[Records excerpted from a collection]

----------------

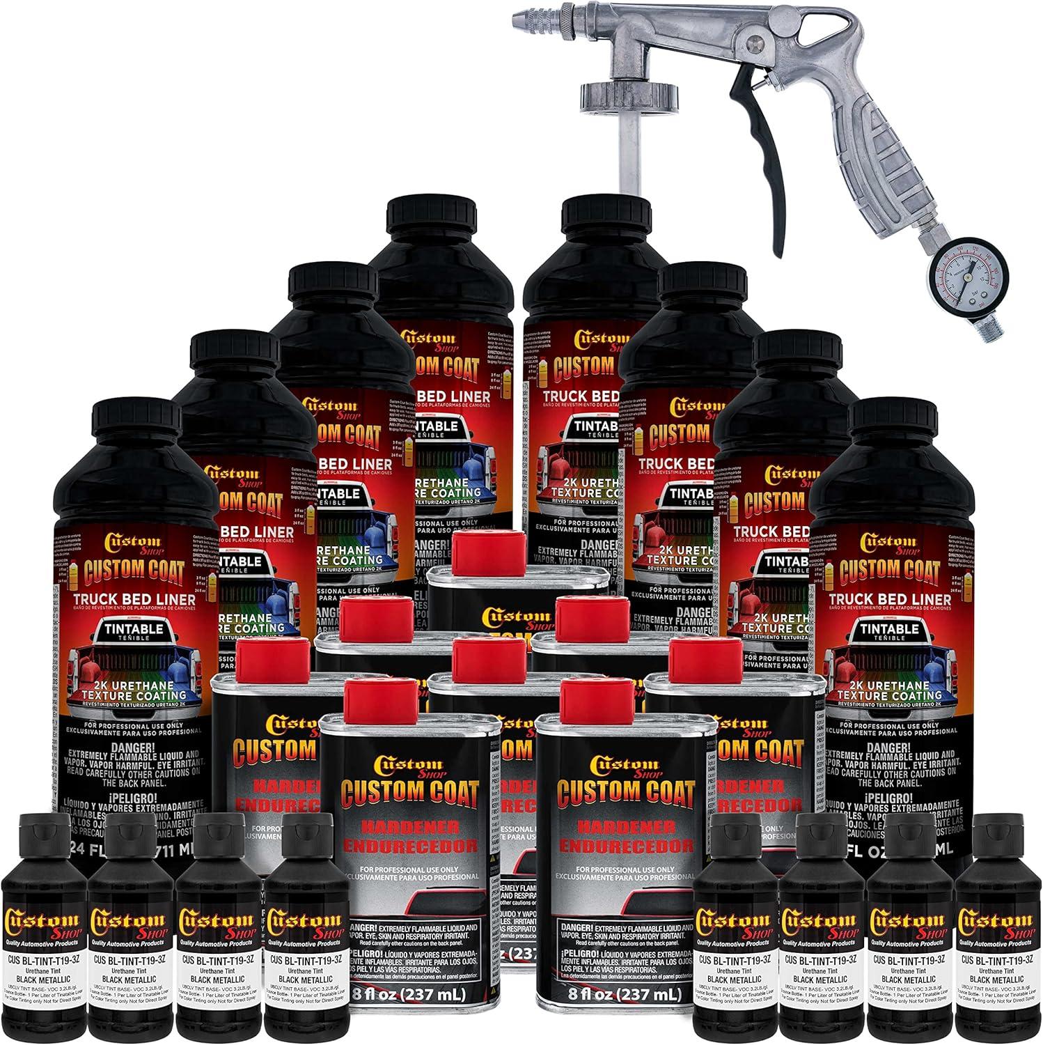 Custom Coat Black 1 Gallon Urethane Roll-On, Brush-On or Spray-On Truck Bed Liner Kit with Roller and Brush Applicator Kit – 3 to 1 Mix Ratio – Durable Textured Car Auto Protective Coating(Black Metallic)
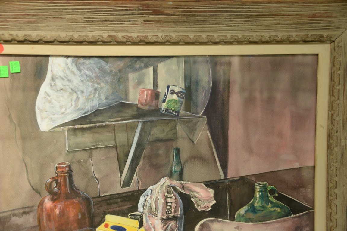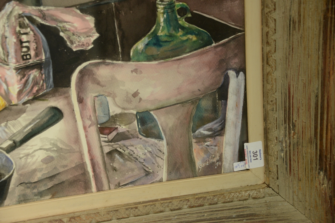 Lot 301: Rex Goreleigh 1902-1986 watercolor Still Life Cooking Mess signed lower right Goreleigh 74′, written on verso Still Life Migrant…
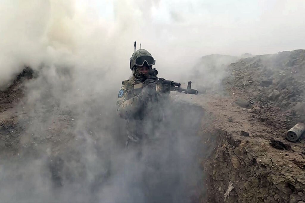 Müdafiə Nazirliyindən verilən xəbərə görə, real döyüş şəraitinə uyğunlaşdırılmış təlim məşqlərində xüsusi təyinatlılar müasir texnologiya və yeni döyüş taktikasından istifadə edərək antiterror əməliyyatlarının, o cümlədən yaşayış məntəqələrindəki infrastruktur obyektlərində gizlənən şərti düşmənin terror qruplaşmasının zərərsizləşdirilməsi üzrə tapşırıqları icra ediblər.
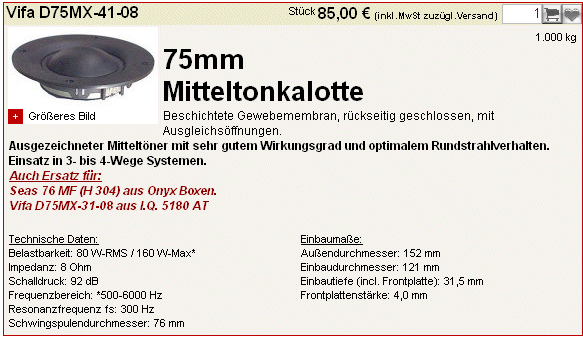 Nemnemnem, a D25-ös dóm már nem kapható, kb. 30 éve nem gyártják, a közép és mélyhsznél is ez a helyzet. Az M kategória a vifánál mindig a legalsó szint volt mélyközépben, a D25 sem volt drága, régen, egy időben a legolcsóbb alap vifa dóm volt (prelu, HB1, stb... őrzik a nyomait), a te D75-öd is az olcsó kategóriába tartozott, pl. ez volt a Vidi C100-as hangsugárzóiban is két HA25 és egy D25 mellett (pár éve kb 3000,-ért adta a H2000 darabját, míg el nem fogyott). NNo, szóval a mai adatlapoknak és hszeknek ezekhez a régi hangszórókhoz semmi közük, nem hogy megegyeznének bármiféle jellemzőjükben. A D76 is adatlap szerint még szólna 7k-nál viszont a valóságban már 5-től szépen esik. Előfordulnak ilyenek.
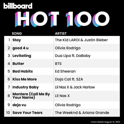 한편 이번 주 핫 100 1위는 호주 출신 신예 래퍼 더 키드 라로이가 저스틴 비버와 함께 부른 '스테이'(Stay)가 차지했다.
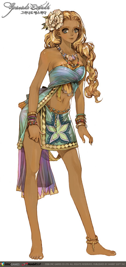 1girlbarefootblonde hairblue eyesbraceletbreastscopyright namedancerdark skindark-skinned femalefeetfemale focusflowerfull bodyhair flowerhair ornamentjewelrylarge breastslegslong hairlots of jewelrymidriffnavelnecklacesarongsolostanding
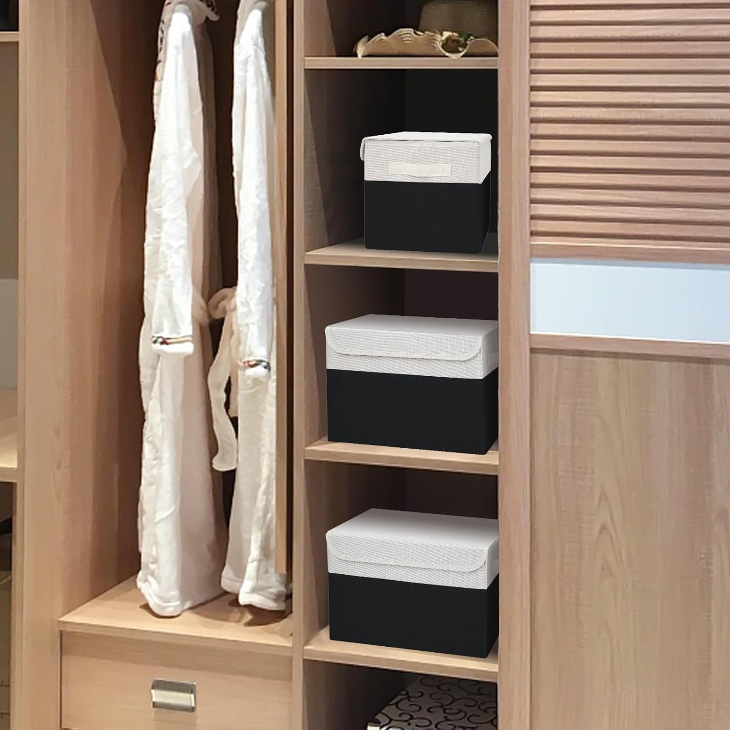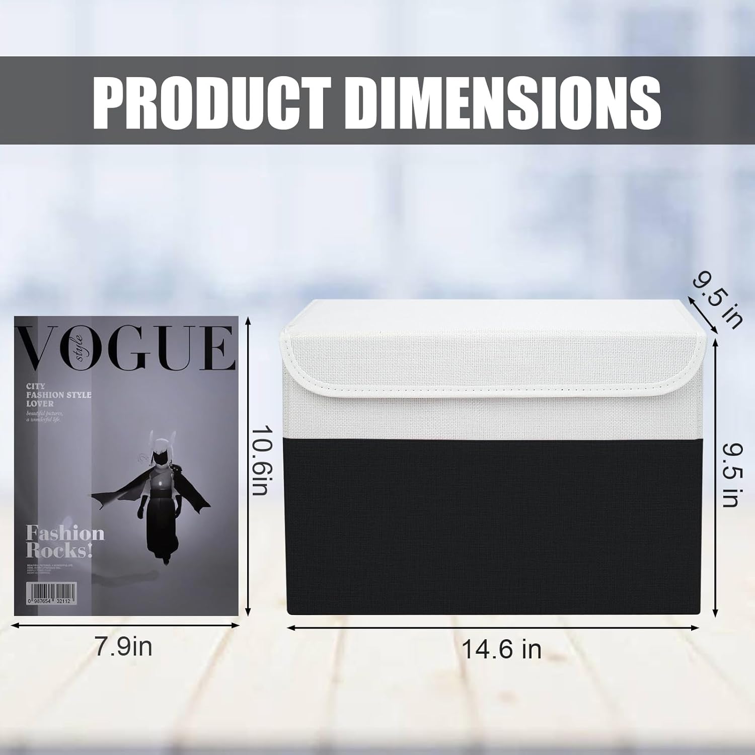 Large 22 Quart Linen Fabric Foldable Storage Bin Cube Organizer Basket with Flip-Top Lid & Handles, Clothes Blanket Box for Home, Office, Closet, Black & White, 4 Pack 14.6 x 9.5 x 9.5
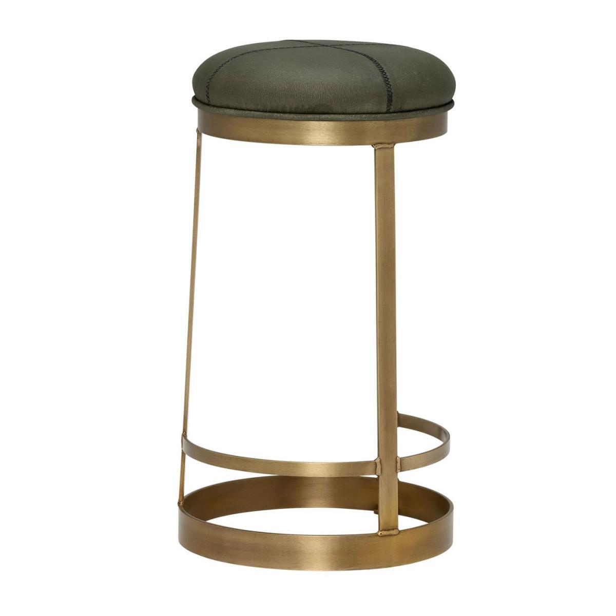 Design. A sophisticated seating choice for your home bar or kitchen island, the Vesper leather bar stool features a sleek metal frame finished in on-trend brass for a vintage touch. Incredibly comfortable, the seat is filled with high-quality foam that provides lasting support. Beautifully upholstered in your choice of hand-treated leather, it’s detailed with stylish exposed stitching. With a simple round design and an open frame, this bar stool offers a practical place to perch without taking up too much space. Choose between earthy browns, blacks and greys, or colourful red, blue and yellow.
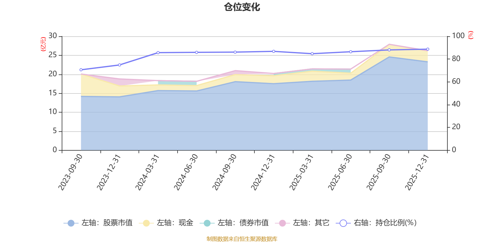 据定期报告数据统计,成立以来平均股票仓位为83.79%,同类平均为86.17%。2025年末基金达到88.73%的最高仓位,2023年三季度末最低,为70.61%。
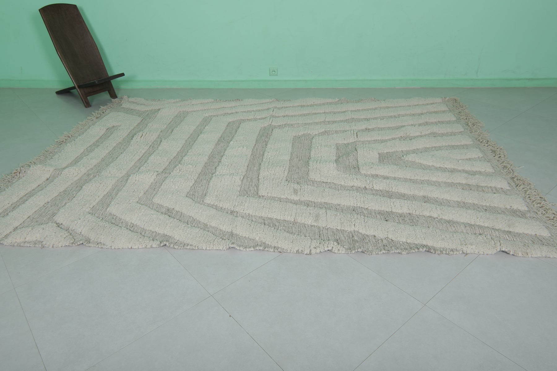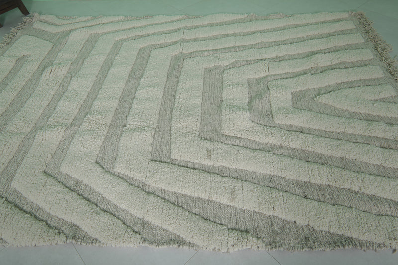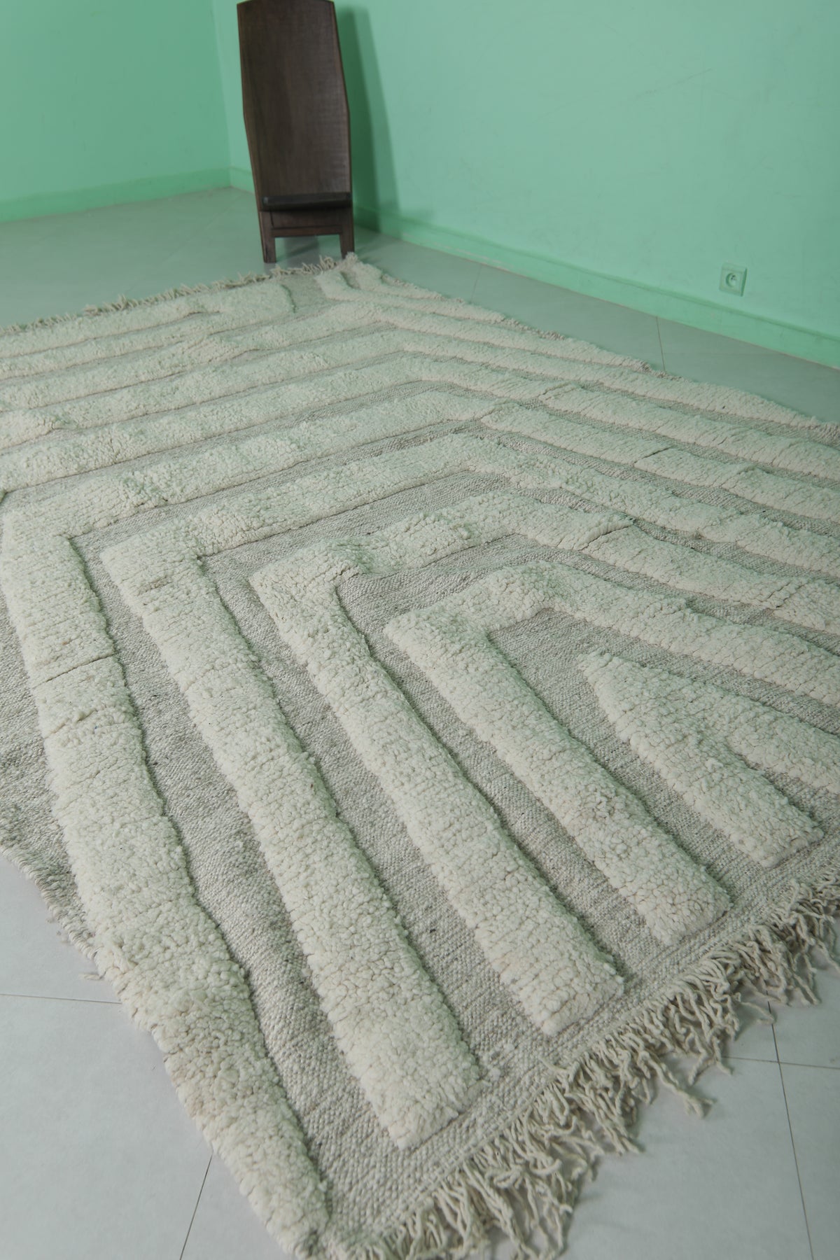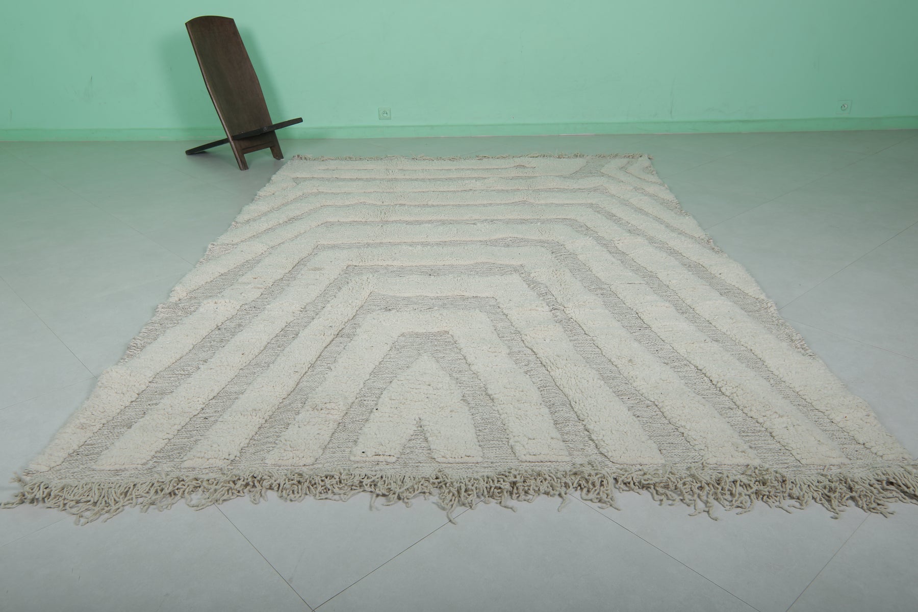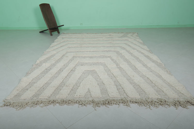 Elegant Moroccan rug - 6.8 x 9.7 ft | Soft gray & white geometric pattern

----------------

• _What to do_:
Set down each entry above exactly as it appears. Omit the pictures.

• _Exercise answer_:
 Custom Coat Black 1 Gallon Urethane Roll-On, Brush-On or Spray-On Truck Bed Liner Kit with Roller and Brush Applicator Kit – 3 to 1 Mix Ratio – Durable Textured Car Auto Protective Coating(Black Metallic)
 Lot 301: Rex Goreleigh 1902-1986 watercolor Still Life Cooking Mess signed lower right Goreleigh 74′, written on verso Still Life Migrant…
 Müdafiə Nazirliyindən verilən xəbərə görə, real döyüş şəraitinə uyğunlaşdırılmış təlim məşqlərində xüsusi təyinatlılar müasir texnologiya və yeni döyüş taktikasından istifadə edərək antiterror əməliyyatlarının, o cümlədən yaşayış məntəqələrindəki infrastruktur obyektlərində gizlənən şərti düşmənin terror qruplaşmasının zərərsizləşdirilməsi üzrə tapşırıqları icra ediblər.
 Nemnemnem, a D25-ös dóm már nem kapható, kb. 30 éve nem gyártják, a közép és mélyhsznél is ez a helyzet. Az M kategória a vifánál mindig a legalsó szint volt mélyközépben, a D25 sem volt drága, régen, egy időben a legolcsóbb alap vifa dóm volt (prelu, HB1, stb... őrzik a nyomait), a te D75-öd is az olcsó kategóriába tartozott, pl. ez volt a Vidi C100-as hangsugárzóiban is két HA25 és egy D25 mellett (pár éve kb 3000,-ért adta a H2000 darabját, míg el nem fogyott). NNo, szóval a mai adatlapoknak és hszeknek ezekhez a régi hangszórókhoz semmi közük, nem hogy megegyeznének bármiféle jellemzőjükben. A D76 is adatlap szerint még szólna 7k-nál viszont a valóságban már 5-től szépen esik. Előfordulnak ilyenek.
 한편 이번 주 핫 100 1위는 호주 출신 신예 래퍼 더 키드 라로이가 저스틴 비버와 함께 부른 '스테이'(Stay)가 차지했다.
 1girlbarefootblonde hairblue eyesbraceletbreastscopyright namedancerdark skindark-skinned femalefeetfemale focusflowerfull bodyhair flowerhair ornamentjewelrylarge breastslegslong hairlots of jewelrymidriffnavelnecklacesarongsolostanding
 Large 22 Quart Linen Fabric Foldable Storage Bin Cube Organizer Basket with Flip-Top Lid & Handles, Clothes Blanket Box for Home, Office, Closet, Black & White, 4 Pack 14.6 x 9.5 x 9.5
 Design. A sophisticated seating choice for your home bar or kitchen island, the Vesper leather bar stool features a sleek metal frame finished in on-trend brass for a vintage touch. Incredibly comfortable, the seat is filled with high-quality foam that provides lasting support. Beautifully upholstered in your choice of hand-treated leather, it’s detailed with stylish exposed stitching. With a simple round design and an open frame, this bar stool offers a practical place to perch without taking up too much space. Choose between earthy browns, blacks and greys, or colourful red, blue and yellow.
 据定期报告数据统计,成立以来平均股票仓位为83.79%,同类平均为86.17%。2025年末基金达到88.73%的最高仓位,2023年三季度末最低,为70.61%。
 Elegant Moroccan rug - 6.8 x 9.7 ft | Soft gray & white geometric pattern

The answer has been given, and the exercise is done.